Chronology Current Month Current Thread Current Date
[Year List] [Month List (current year)] [Date Index] [Thread Index] [Thread Prev] [Thread Next] [Date Prev] [Date Next]

Re: [Phys-l] Configurational energy



On 10/17/2007 04:42 PM, Dan Crowe wrote:
John Denker wrote, in part:
"A name is not an explanation."

Names should at least not contradict explanations.

Should not?

In the world I live in, "should not" is not the same as
"do not".

Chocolate turtles are not made from turtles. Milk of
magnesia is not made from milk. A titmouse is not a mouse.
The Holy Roman Empire was neither holy, nor Roman, nor an
empire.

http://www.av8n.com/physics/weird-terminology.htm

It is easy to wish for better terminology, but this is usually
just an idle wish. Actually trying to change established terminology
is almost never worth the trouble.

Ideas are primary and fundamental; terminology is secondary.

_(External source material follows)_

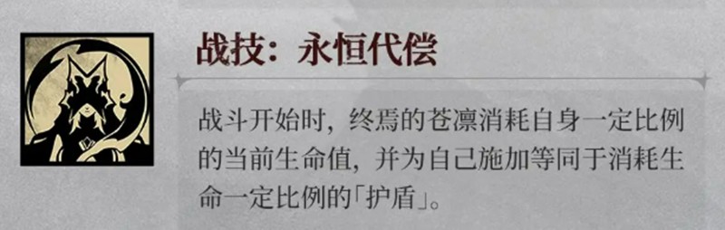 战技永恒代偿是苍凛的核心技能之一。通过消耗生命值来获得护盾,虽然有一定风险但能快速进入战斗状态。合理使用这个技能可以在关键时刻获得足够的防护,提升持续作战能力。在敌人猛攻时,这个护盾能让她安然度过危险期。
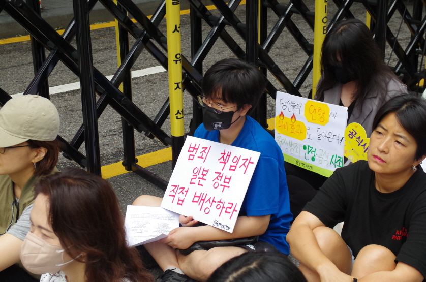 “일본과의 군사협력도 매국이다! 윤석열 정부는 매국외교 중단하고 일본사죄 받아내라!”

I used to say that kinetic energy is the energy an object has due to
its motion, and that potential energy was the energy that it has due to
its position. These explanations were fairly common when I started
teaching physics 20 years ago. I found the latter explanation to be
inadequate, because students did not appreciate that potential energy
was associated with a system, rather than with a single object.
Potential energy is the energy associated with the configuration of a
system, not the position of a single object. This was why I started
using the phrase "configurational energy".

There are all sorts of problems with "kinetic energy" versus
whatever you call non-kinetic energy. Calling it "configurational
energy" doesn't begin to solve the problems.

Consider the thermally-isolated gas cylinder as shown on the
left of this figure
http://www.av8n.com/physics/img48/locrian.png

If I express the energy of the system as a function of the
position of the piston, is that a kinetic energy and/or a
potential energy and/or a configurational energy?